We wanted to predict a Pokémon’s combat power after evolution
(cp_new) using what is known before evolution. Because the
value we are predicting is numeric, linear regression is the right
method. We first fit a simple regression model with only pre-evolution
combat power (cp). Then we fit a multiple regression model
that adds other pre-evolution variables (hp, species, attack values,
weight, and height). After that we checked the model assumptions to make
sure the model was valid.
# Load the dataset
pokemon <- read.csv("https://www.openintro.org/data/csv/pokemon_go.csv")
# Keep only the variables we will use
pokemon_data <- pokemon[, c("species", "cp", "hp", "weight", "height",
"attack_weak_value", "attack_strong_value", "cp_new")]
# Structure and basic summaries
str(pokemon)
## 'data.frame': 75 obs. of 27 variables:
## $ name : chr "Pidgey1" "Pidgey2" "Pidgey3" "Pidgey4" ...

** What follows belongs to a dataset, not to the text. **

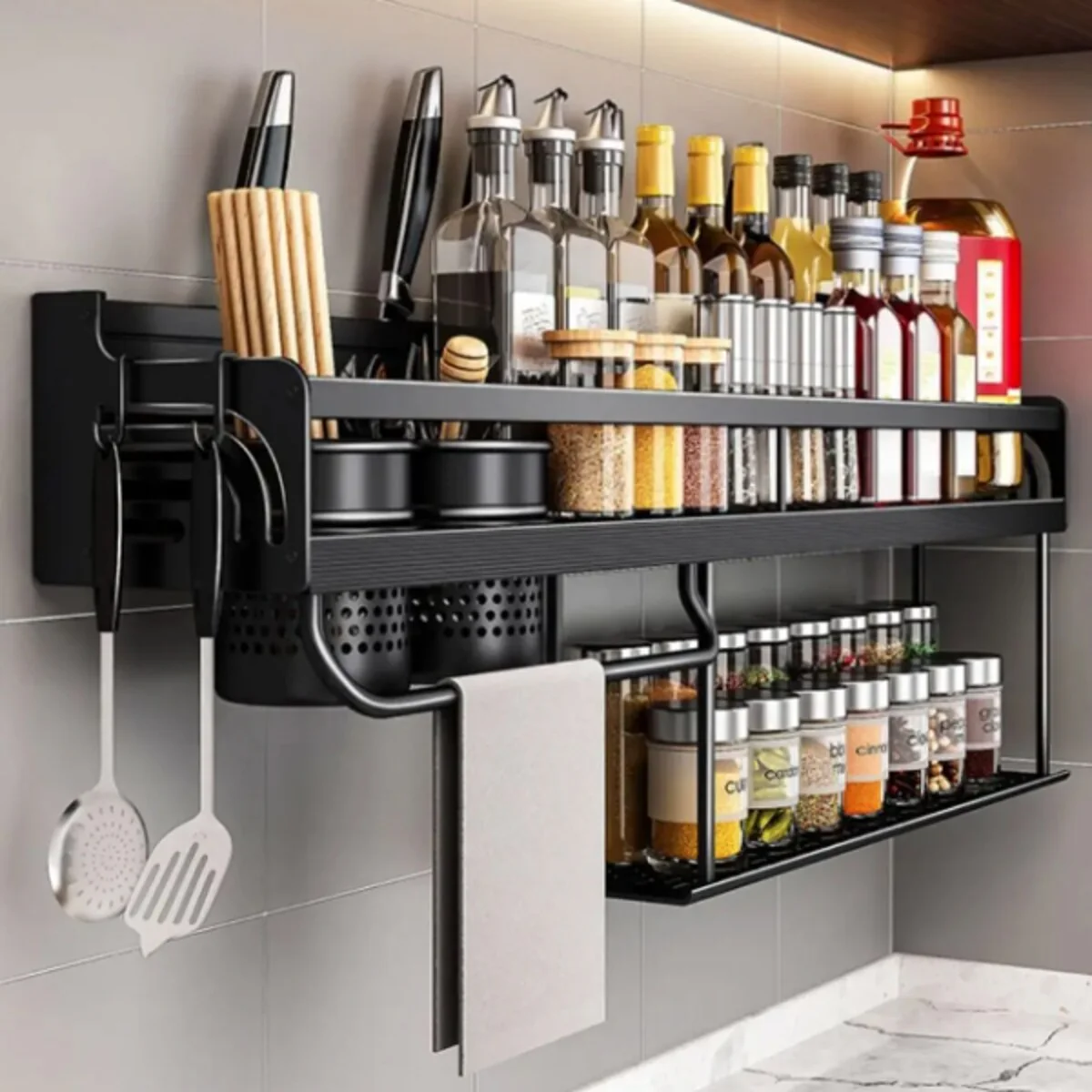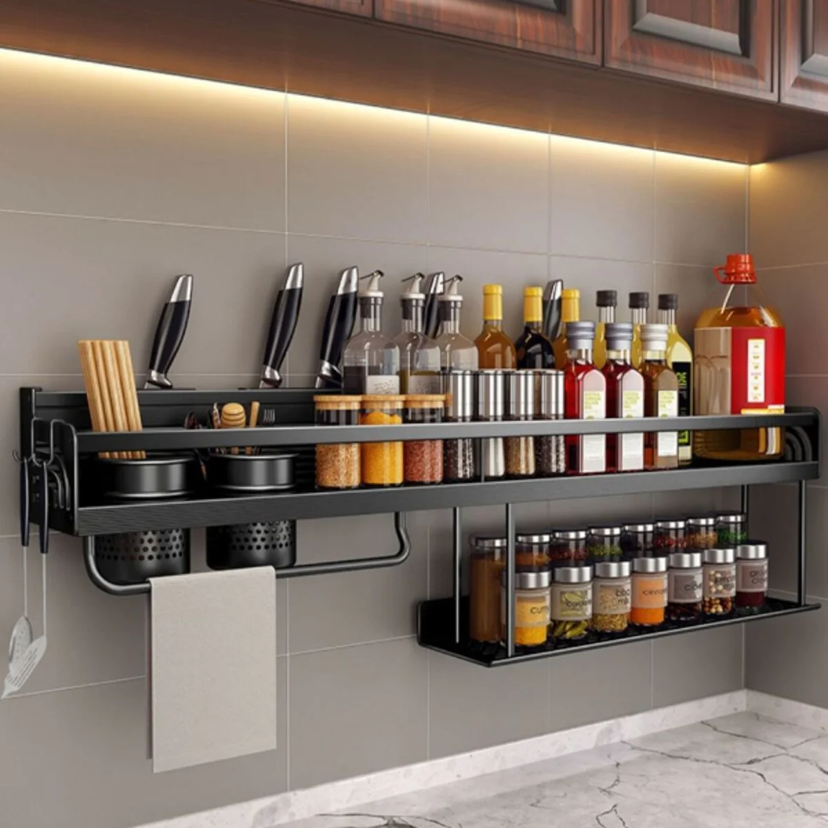 Keep your kitchen organized Access the required item quickly Widened & durable design Non-slip & strong load-bearing Perfect for holding all your kitchen appliances Equipped with a drying pole & multiple hooks Simple two step installation method

## $ species : chr "Pidgey" "Pidgey" "Pidgey" "Pidgey" ...
## $ cp : int 384 366 353 338 242 129 10 25 24 161 ...
## $ hp : int 56 54 55 51 45 35 10 14 13 35 ...
## $ weight : num 2.31 1.67 1.94 1.73 1.44 2.07 0.92 2.72 2.07 1.45 ...
## $ height : num 0.34 0.29 0.3 0.31 0.27 0.35 0.25 0.37 0.32 0.31 ...
## $ power_up_stardust : int 2500 2500 3000 3000 1900 800 200 200 200 1000 ...
## $ power_up_candy : int 2 2 3 3 2 1 1 1 1 1 ...
## $ attack_weak : chr "Tackle" "Quick Attack" "Quick Attack" "Tackle" ...
## $ attack_weak_type : chr "Normal" "Normal" "Normal" "Normal" ...
## $ attack_weak_value : int 12 10 10 12 10 10 12 12 10 12 ...
## $ attack_strong : chr "Aerial Ace" "Twister" "Aerial Ace" "Air Cutter" ...
## $ attack_strong_type : chr "Flying" "Dragon" "Flying" "Flying" ...
## $ attack_strong_value : int 30 25 30 30 30 30 30 25 25 25 ...
## $ cp_new : int 694 669 659 640 457 243 15 47 47 305 ...
## $ hp_new : int 84 81 83 79 69 52 13 21 21 54 ...
## $ weight_new : num 2.6 1.93 3.51 30 1.42 30 30 2.63 3.27 30 ...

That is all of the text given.